→ **Work to complete**:
Transcribe the listing below exactly, from its first line through the line with "Sprinkle mini chocolate". Omit the pictures.

Data Start Marker

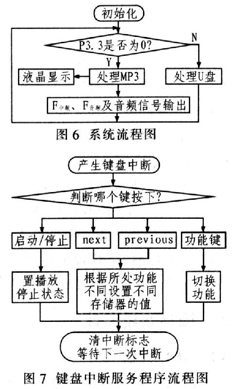 与硬件电路功能配合,系统软件设计流程如图6所示;键盘中断服务程序流程如图7所示。
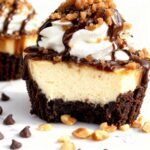 Sprinkle mini chocolate chips, crushed Oreos, or chopped nuts over each loaded brownie cheesecake cup. This adds texture and visual appeal.
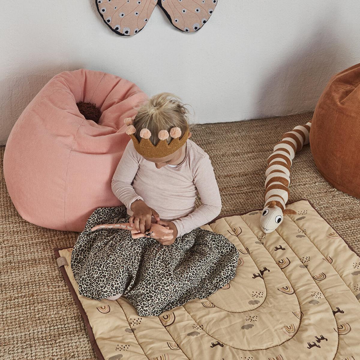 I love this little beanbag for its playful yet practical appeal. The pink corduroy adds a cosy texture that works well in both modern and more eclectic children’s rooms, especially those with soft pastel palettes or neutral tones. It’s a great addition for adding colour and comfort, perfect for lounging or reading corners. Styling tips include pairing it with a colourful rug and some tactile cushions to create a cosy, inviting space. Because of its simple shape and soft hue, it easily complements various interior styles, making it an adaptable piece that can grow with your child and fit seamlessly into different schemes.

Data End Marker

→ **Completed task**:
 与硬件电路功能配合,系统软件设计流程如图6所示;键盘中断服务程序流程如图7所示。
 Sprinkle mini chocolate chips, crushed Oreos, or chopped nuts over each loaded brownie cheesecake cup. This adds texture and visual appeal.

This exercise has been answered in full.